I am a user of AnyBody version 7.3 and am currently working on a squat activity using the marker-based full-body motion capture model (AMMR 2.3.1 MoCapModel). I have encountered an issue where the Tibialis Anterior muscle activity is almost zero (e^-13) during the activity.
I have also tested the squat example provided in the AMMR, and the Tibialis Anterior muscle activity remains almost zero there as well.
Could you please provide some advice or suggestions on how to address this problem? If you need additional information or if my question needs further clarification, please let me know.

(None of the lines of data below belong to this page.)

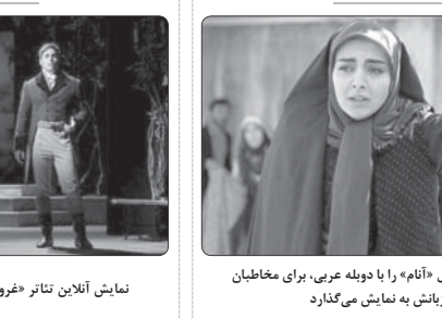
شکبه ای فیلم سریال «انام» را با دوبله عربی، برای مخاطبان عرب‌زبان به نمایش می‌گذارد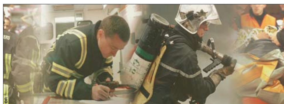
Chaque agent peut se former et construire son évolution de carrière.

L'offre de formation couvre les différentes étapes de la carrière d'un sapeur-pompier. Nous utilisons aussi bien des pédagogies traditionnelles que l'enseignement à distance. L'une des préparations de concours qui rassemble le plus d'effectifs est celle de lieutenant de sapeur-pompier professionnel, entièrement organisée autour de la formation à distance. Elle permet annuellement à environ 600 stagiaires de se préparer aux épreuves. Dans le domaine de la formation continue d'autres actions proposent aux sapeurs-pompiers d'acquérir les unités de valeur qui contribuent à améliorer leurs connaissances. Enfin, nous aidons les services départementaux d'incendie à mettre en place des enseignements dans le domaine des interventions en situations délicates (risques chimiques et divers).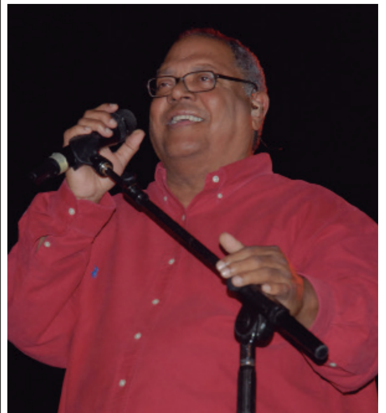
En enero del 2011 Pablo hechizó con su voz al público espiritano, que colmó la Plaza de la Revolución Mayor General Serafín Sánchez.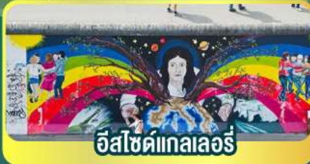
อีสไซด์เทกลเลอร์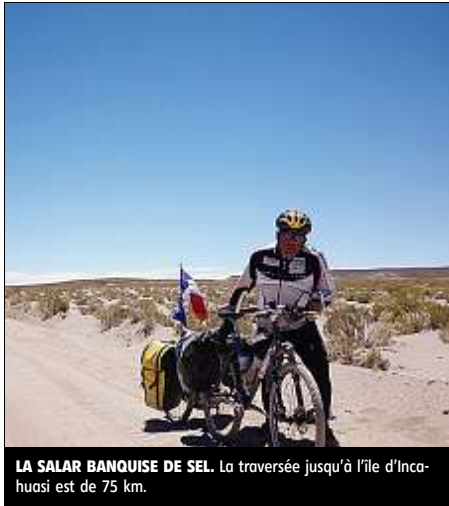
LA SALAR BANQUISE DE SEL. La traversée jusqu'à l'île d'Incahuasi est de 75 km.

S alar de Uyuni : unique ! J'abandonne Potosi et ses rues animées pour faire connaissance avec la piste Bolivienne. Le choc est de taille et j'ai l'impression d'avoir tenu un marteau-piqueur toute la journée. Aussi lorsqu'un bus me cueille au crépuscule dans un de ces petits villages de montagne qui servent de relais routiers, je me laisse faire et débarque en pleine nuit à Uyuni. 30 km de piste caillouteuse et ensablée me ramènent à Colchani, village d'entrée du salar. Hélas une forte tempête de sable me contraint à passer la nuit dans un hôtel de sel. Le lendemain la traversée en direction des îles qui émergent de ce vaste univers débute sous une pluie glacée vent de face. Je roule à 13 km/h. Le ciel est laiteux et les traces grises des 4x4 sont effacées par le blanc-man-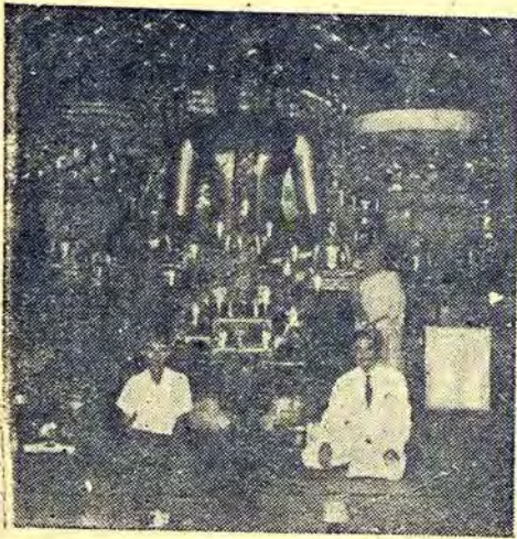
พระประธานในวิหาร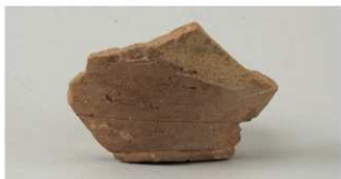
4 第1号溝跡 (第12図4)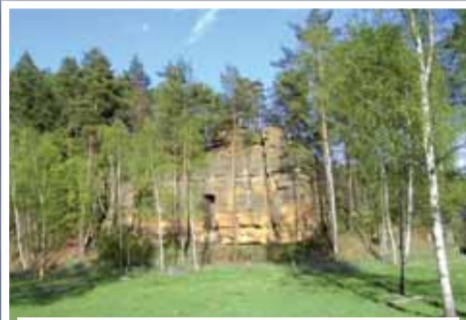
Obydlí poustevníků v Janovických v Podještědí.

Údajnými staviteli Ještědu měli být i čerti. V jeho útrobách hráli karty a strašili ubohá lidská stvoření. Postavili prý u Dubu i čedičovou zed, nazývanou Čertovou, z níž se dobývaly osmihránné sloupky na stavbu mořských hrází v Norsku a Holandsku. Vápenec se používal na výrobu vápna, břídic jako krytina a jako školní sešity. Pískovcem skláří broušili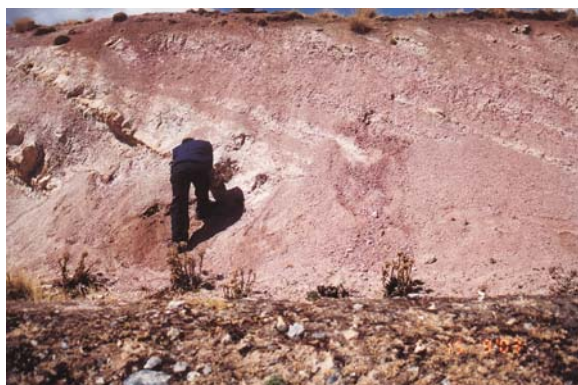
Foto N° 6 Secuencia de lutitas rojas masivas con calizas lacustrinas pardo claras pertenecientes a la Formación Calera, noreste de Yanamate (8816 644N - 362 388E).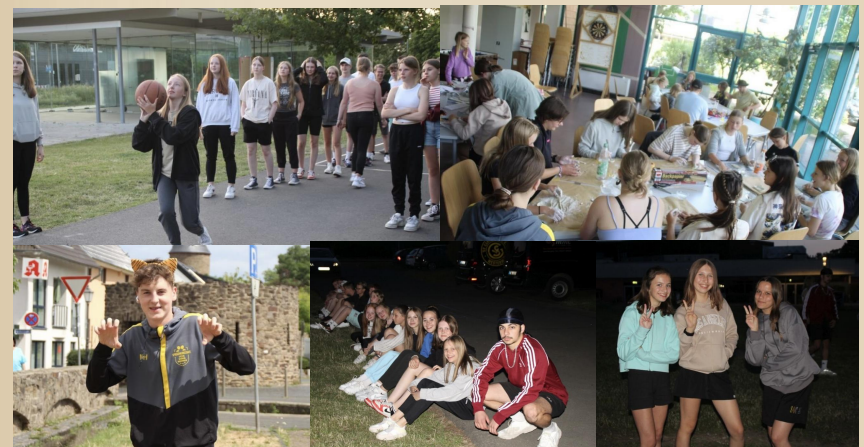
Ferienlager 2023 Rheinbach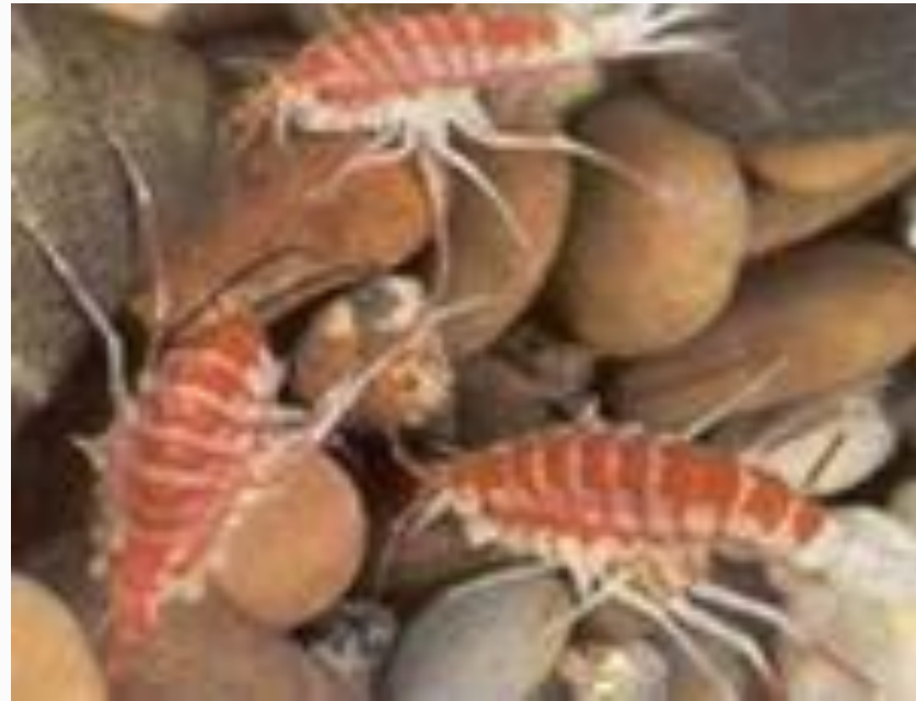
Бокоплав- рачки, освоившие всю толщу озера.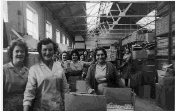
Aelodau o'r adran bacio ffatri Mettoy's, Fforest-fach, Abertawe, 1960au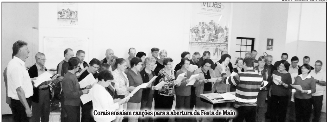
Corais ensaiam canções para a abertura da Festa de Maio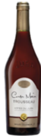
CÔTES DU JURA AOC TROUSSEAU 100% Trousseau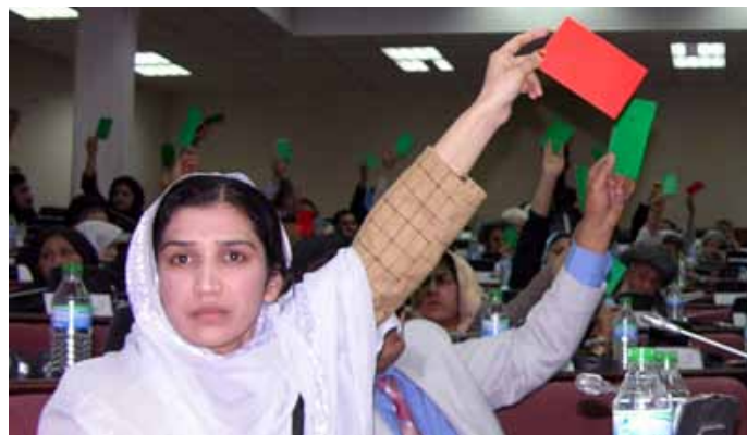
27 pct. af medlemmerne af det afghanske parlament er kvinder.

På den internationale ministerkonference i London den 28. januar 2010 blev der taget en række skridt for at etablere en ny og styrket international koordinationsstruktur. Tre centrale koordinationsposter, FN’s senior civile repræsentant (chef for UNAMA), NATO’s senior civile repræsentant og en ny

Normally, the tibialis anterior is not a primary muscle involved in squats. It's role is more of a stabilizer. Unfortunately, the stabilizing effect can't really be captured so well in the muscle recruitment formulation.

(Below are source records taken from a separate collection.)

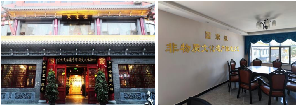
- 天佑德青稞酒文化体验馆 -

2022 年，在青稞酒文化节、环湖赛、昌耀诗歌节等大型品牌 IP 活动及天佑德体验馆建设、联合餐厅开发、令人惊讶的演示等工作中都得到了充分实践，并得到了较好效果。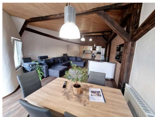
offene Küche mit Wohnzimmer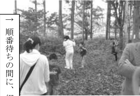
→ 順番待ちの間に、綱渡りやそば打ち台作り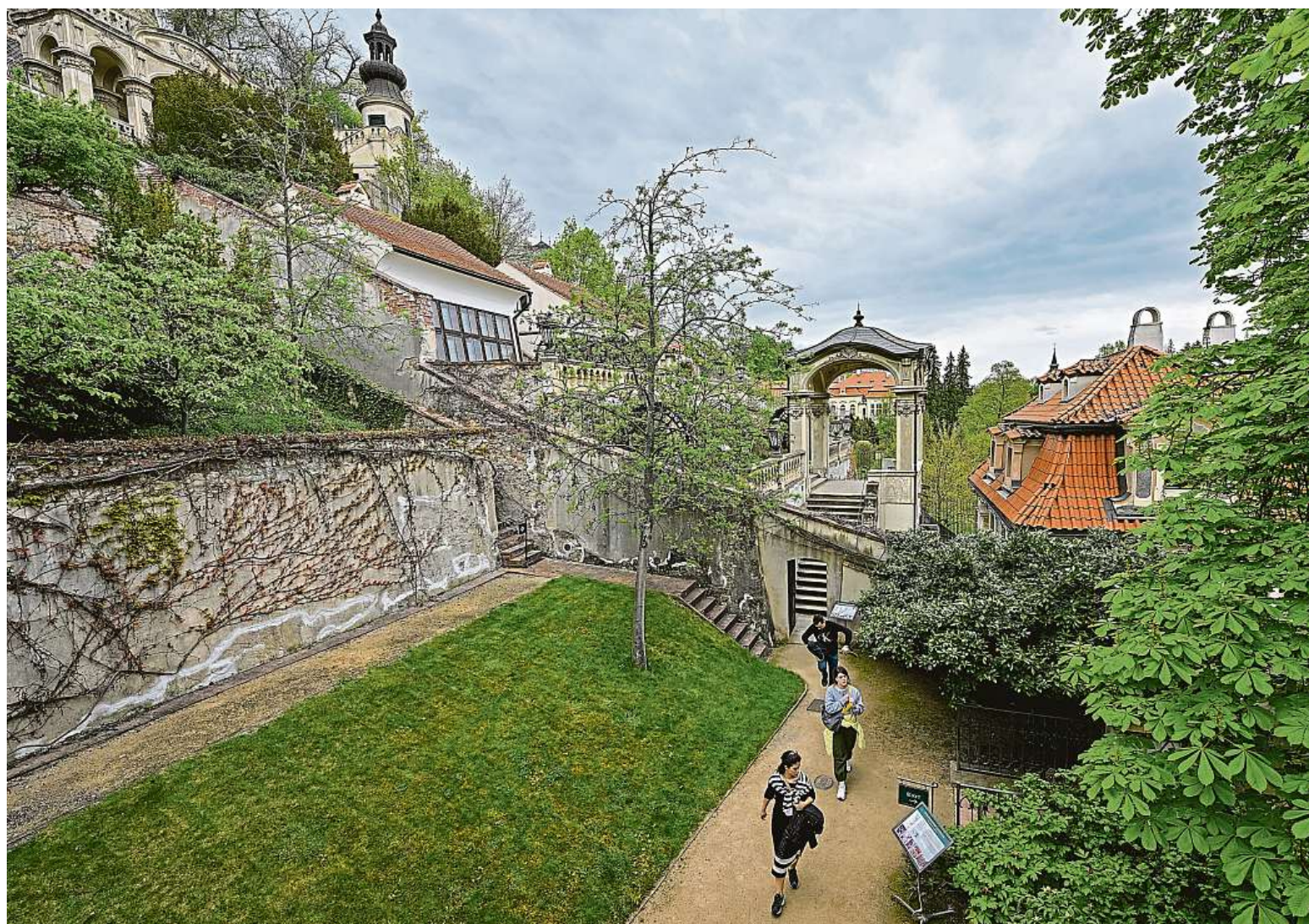
V rámci oslav 20 let Národního památkového ústavu se včera otevřely Zahrady pod Pražským hradem. Na snímku je Kolowratská zahrada.

Elektroauta. Jejich počet přibývá, do Česka se více dovážejí individuálně. Názor. Pohon aut na baterky je cesta do pekel, říká šéf společnosti zabývající se historií ojetin. Velké riziko. Když se poškodí baterie STRANA 4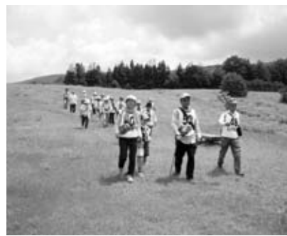
これからは草花や自然を意識しながらのウォーキングができそうです!

7月の「月一ウォーキング」教室は八幡の自然をいっぱい感じながらのウォーキングとなりました。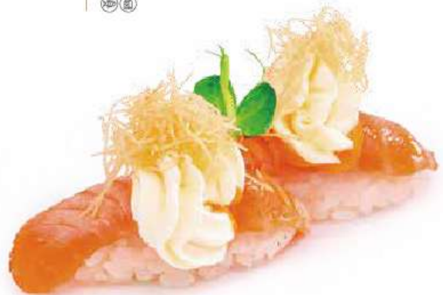
108 | SAKE FLAMBÉ HONEY salmone scottato, con philadelphia, pasta kataifi e salsa al miele €4.00 🌱🌱🌱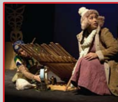
Fot. Materiały Teatru Dzieci Zagłębia ze spektaklu „Brzydkie kaczątko”.

One scenario in which the tibialis anterior will be activated in the model is if you simulate a deep squat and your weight tends to be more on the posterior side. I think the mocap squat model in the AMMR doesn't do a deep squat. You can instead see the synthetic squat model to simulate a deeper squat motion. Then you would see activation of the tibialis anterior.
Dear Dave,
Thank you very much for your feedback. I appreciate your insights and suggestions.

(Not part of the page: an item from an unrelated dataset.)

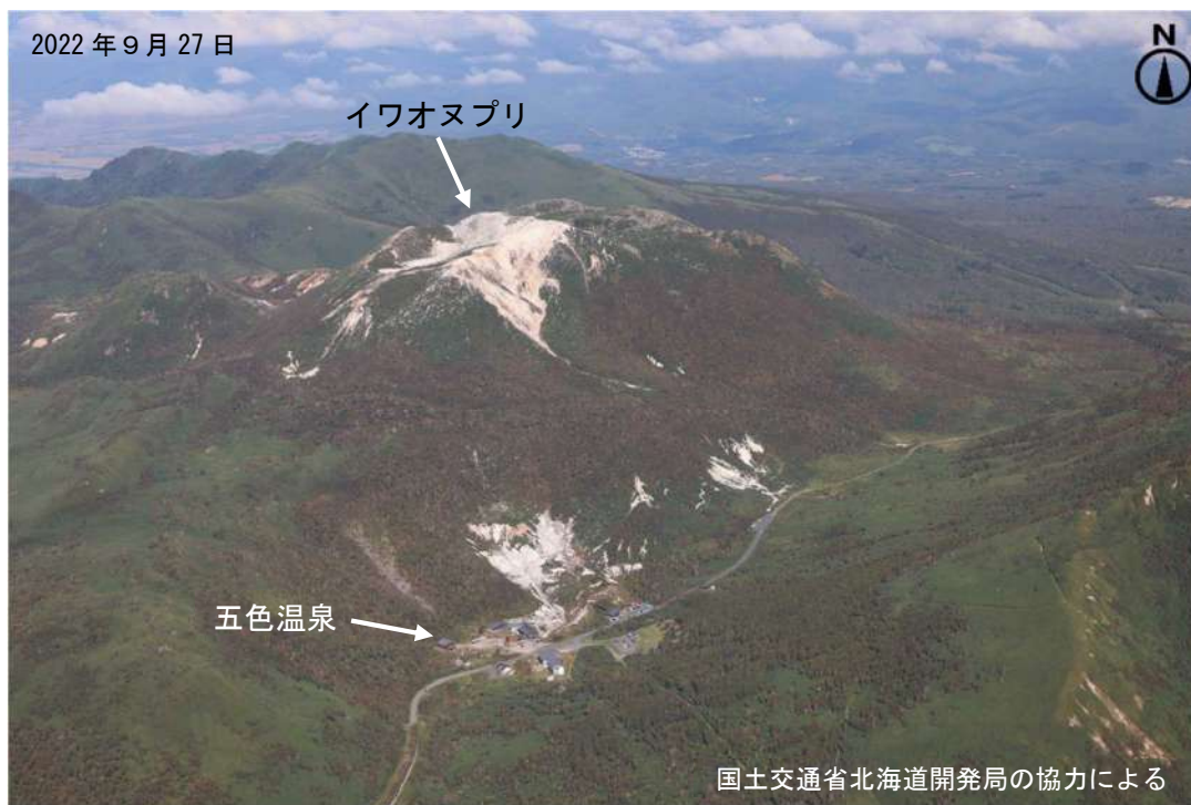
図2 ニセコ イワオヌプリ及び五色温泉周辺の状況 南側上空（図1の①）から撮影

I have adjusted the maximum knee angle from 100 to 140 degrees, which has resulted in activation of the Tibialis Anterior muscle. However, the activation periods and activation graphs from the simulation still do not align with the experimental results.
Additionally, I have analyzed deep squats using a marker-based full-body motion capture model (AMMR 2.3.1 MoCapModel) with data from 10 subjects (averaged maximum knee angle of 137 degrees). Despite this, the Tibialis Anterior muscle activity remains almost zero.
Is it possible to simulate the model using experimental EMG data and marker data as input?Any guidance or recommendations you can provide on how to integrate EMG data into the simulation would be greatly appreciated.
You could try playing around with different muscle recruitment, but it most likely won't solve the issue. I believe you would have tried that already.
You can use the experimental EMG as an input. You can use the class AnyMuscleActivityBound to create upper and lower bounds on the muscle. You can feed in the EMG data through an interpolation function and add some offset to create an upper and lower bound on the same muscle.
Hi Dave,
I’m grateful for your time and assistance with this.
I had already explored different muscle recruitment strategies, but as expected, they did not resolve the issue. Following your recommendation, I used the AnyMuscleActivityBound class with my experimental EMG data. However, it resulted in constant activation of the Tibialis Anterior muscle throughout the activity, which was unexpected. To address this, I used the AnyMuscleActivityConstraint class based on my experimental results. My first implementation was as follows:
AnyMuscleActivityConstraint TA1 = {
AnyMuscle &TA1 = Main.HumanModel.BodyModel.Right.Leg.Mus.TibialisAnterior1;
Coef = {{1.0}};
AnyFunPolynomial fun_mus_act = {
PolyCoef = {{0, 0.0197, -0.0002}}; // Obtained from experimental EMG
};
Const = fun_mus_act((100/nStep)*iStep); // Cycle 0 to 100
CType = NonNegative;
};
Unfortunately, this did not influence the Tibialis Anterior activation. I also experimented with another approach using the following logic:
AnyMuscleActivityConstraint TA1 = {
AnyMuscle &TA1 = Main.HumanModel.BodyModel.Right.Leg.Mus.TibialisAnterior1;
Coef = {{-1.0}};
Const = {iffun(orfun(ltfun(t,15.0),gteqfun(t,16.5)),0.0,0.6)};
CType = NonNegative;
};
Even with this constraint,the Tibialis Anterior activation remained unchanged. I tried several other functions using a trial-and-error method, and while some values did affect muscle activation, the results lacked a clear logic or pattern.
Am I potentially missing something in the implementation, or is there a specific approach I should follow to achieve the desired results?